Because, you see, the Earth is round. And not only this, it also rotates. And the surface drags the air with it. That might make you think there shouldn’t be any wind on the ground, but the other thing that’s going on is that the sun heats up the air. And it heats it up more in the regions that get more sunlight, which are those close to the equator. The hot air rises and must come down somewhere. This creates loops of air in the south-north direction. They’re basically convection cells.

Now, if you look at one particular location on the surface of earth, then the speed from the rotation is larger at the equator because there’s a larger distance to cover when you go once around. This means if the rotation drags air with it, then the velocity in west-east direction is faster at the equator. Still with me?

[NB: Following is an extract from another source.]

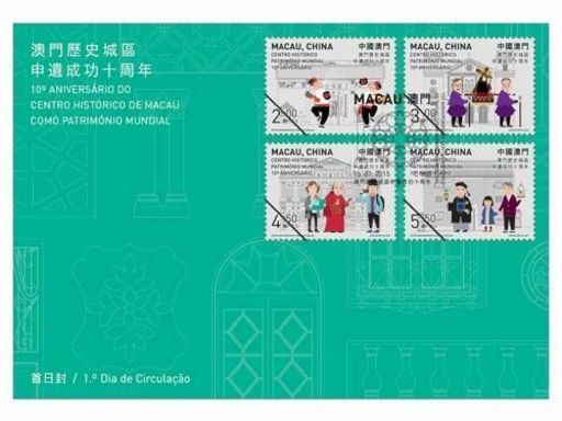 澳门历史城区于2005年7月15日列入联合国教科文组织的《世界遗产名录》,成为中国第31处世界遗产。为庆祝申遗成功十周年,澳门邮政将于二零一五年七月十五日以『澳门历史城区申遗成功十周年』为题发行新邮品。

Then you add on top the circulation that comes from the heating by the sun. As a result, you get some of that air from the equator directed towards the poles. But there, the surface of earth is slower, so the air is now faster than the surface of earth. And some of the air from those middle regions is transported to the equator, where it’s now slower than the rotation of the earth.

That’s why at the equator, the wind tends to blow east to west, so, against the rotation of the earth, and between the equator and the poles, the wind tends to blow west to east, in the same direction as the earth turns. These winds are also called the westerlies and easterlies.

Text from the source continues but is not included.